I often say that those of us who can trace our ancestry to Mexico value three things above all else: Family, community and hard work. For Mexicans, that’s the sacred trifecta. But I would also add a fourth item to that list: Respect. Respeto means a lot to Mexicans, especially the 126 million of them who live south of the border. Not that doesn’t matter to the 40 million or so Mexican-Americans who live in the United States; it just means much more to those who reside in the motherland. So you can imagine how frustrating and maddening it is for Mexico and Mexicans to be constantly disrespected by Americans, especially Republican lawmakers who are now itching to go to war with our neighbor. 

The relations between Mexico and the United States have been icy since members of a Mexican drug cartel kidnapped four Americans in the northern border city of Matamoros. Now two of those Americans died. One of them had traveled to Mexico to get a medical procedure at a much lower price than it would have cost in the United States. That discount came at a high price. Former Attorney General William Barr has urged the United States to quote “use every tool at our disposal inside Mexico to battle Mexican drug cartels,” which he described as quote “Narco terrorist groups.” Did you catch that “inside Mexico?” Inside? 

See, Barr thinks the United States should send the military or CIA operatives to capture and kill Mexican citizens on Mexican soil while circumventing Mexican authorities. Sure, great plan. What could possibly go wrong? We’re not talking about surgical strikes here. There would be significant collateral damage. What Barr doesn’t know or care to know is that the narco traficantes are integrated into Mexican society. Kill one and very likely innocent Mexican civilians will be killed in the process. If that happens, it’s Katie bar the door. 

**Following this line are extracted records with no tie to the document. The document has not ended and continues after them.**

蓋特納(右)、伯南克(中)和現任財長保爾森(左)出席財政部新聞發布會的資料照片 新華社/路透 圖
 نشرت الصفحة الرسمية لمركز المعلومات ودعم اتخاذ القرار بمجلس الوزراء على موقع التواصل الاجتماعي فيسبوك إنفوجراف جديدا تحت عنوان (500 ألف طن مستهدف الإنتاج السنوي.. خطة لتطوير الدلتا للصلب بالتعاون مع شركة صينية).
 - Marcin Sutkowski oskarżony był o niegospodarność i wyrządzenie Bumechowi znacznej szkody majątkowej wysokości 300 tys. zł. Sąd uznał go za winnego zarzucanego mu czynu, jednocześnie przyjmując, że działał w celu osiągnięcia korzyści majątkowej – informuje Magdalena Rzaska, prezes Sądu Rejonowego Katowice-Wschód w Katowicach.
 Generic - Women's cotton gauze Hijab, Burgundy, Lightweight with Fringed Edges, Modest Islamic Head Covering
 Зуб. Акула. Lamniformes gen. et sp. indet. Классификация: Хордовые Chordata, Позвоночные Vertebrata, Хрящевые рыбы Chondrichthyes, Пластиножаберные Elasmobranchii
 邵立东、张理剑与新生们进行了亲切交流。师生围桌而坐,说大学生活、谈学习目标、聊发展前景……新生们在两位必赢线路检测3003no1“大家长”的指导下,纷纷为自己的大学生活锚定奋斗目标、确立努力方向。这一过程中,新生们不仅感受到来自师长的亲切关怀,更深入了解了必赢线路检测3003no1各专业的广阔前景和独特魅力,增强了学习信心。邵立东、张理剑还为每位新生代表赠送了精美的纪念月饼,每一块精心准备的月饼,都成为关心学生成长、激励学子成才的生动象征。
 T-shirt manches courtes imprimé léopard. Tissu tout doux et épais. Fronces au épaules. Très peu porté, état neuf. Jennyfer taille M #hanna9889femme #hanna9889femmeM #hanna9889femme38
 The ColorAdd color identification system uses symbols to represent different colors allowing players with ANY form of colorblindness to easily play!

We could be looking at a repeat of what happened in 1848. That was the last time that the United States, intoxicated by the elixir of manifest destiny, invaded Mexico. U.S. troops marched all the way to Mexico City to persuade the leaders of that country to hand over more than half of its territory, at the end of a rifle. Trust me, that is a humiliation that Mexicans have never forgotten. Imagine the South and the Civil War times 100. I’m not surprised we don’t remember the land grab that created the Southwest. Americans wake up every morning and wipe the slate clean from the day or century before. 

No matter how terrible the injustice, we have no trouble sweeping it under the rug. We get over things, we look forward. And with the possible exception of the attack on Pearl Harbor on December 7, 1941 and the toppling of the World Trade Center towers on September 11, 2001, we rarely look back. Think about all the tragic events we don’t like to think about, because in those cases, America was the bad guy. 

The enslavement of black Americans, beginning in 1619. The anti-Chinese leagues that popped up in western towns in Arizona and California throughout the 1800s; the massacre of Native American men, women and children at Wounded Knee, South Dakota in 1890; the mistreatment of Irish and German and Italian immigrants in the 18th, 19th, and 20th centuries; the forced relocation and internment of Japanese-Americans during World War II. And now here we are, we’re picking at this old wound and the relationship between Mexico and the United States at a time when the two countries need each other more than ever as friends, allies, trading partners and good neighbors. 

It’s as if conservatives like William Barr skipped all those courses in U.S. history that spelled out the complicated relationship between Mexico and the United States because they ditched school that day to attend a John Wayne Film Festival. Mexican president Andres Manuel Lopez Obrador is pushing back against the Cowboys reminding everyone recently that Mexico is not, quote “a colony of the United States,” and insisting that he will not permit any foreign army to attack the sovereignty of his country. See, just because Americans never remember, does not mean that Mexicans ever forget.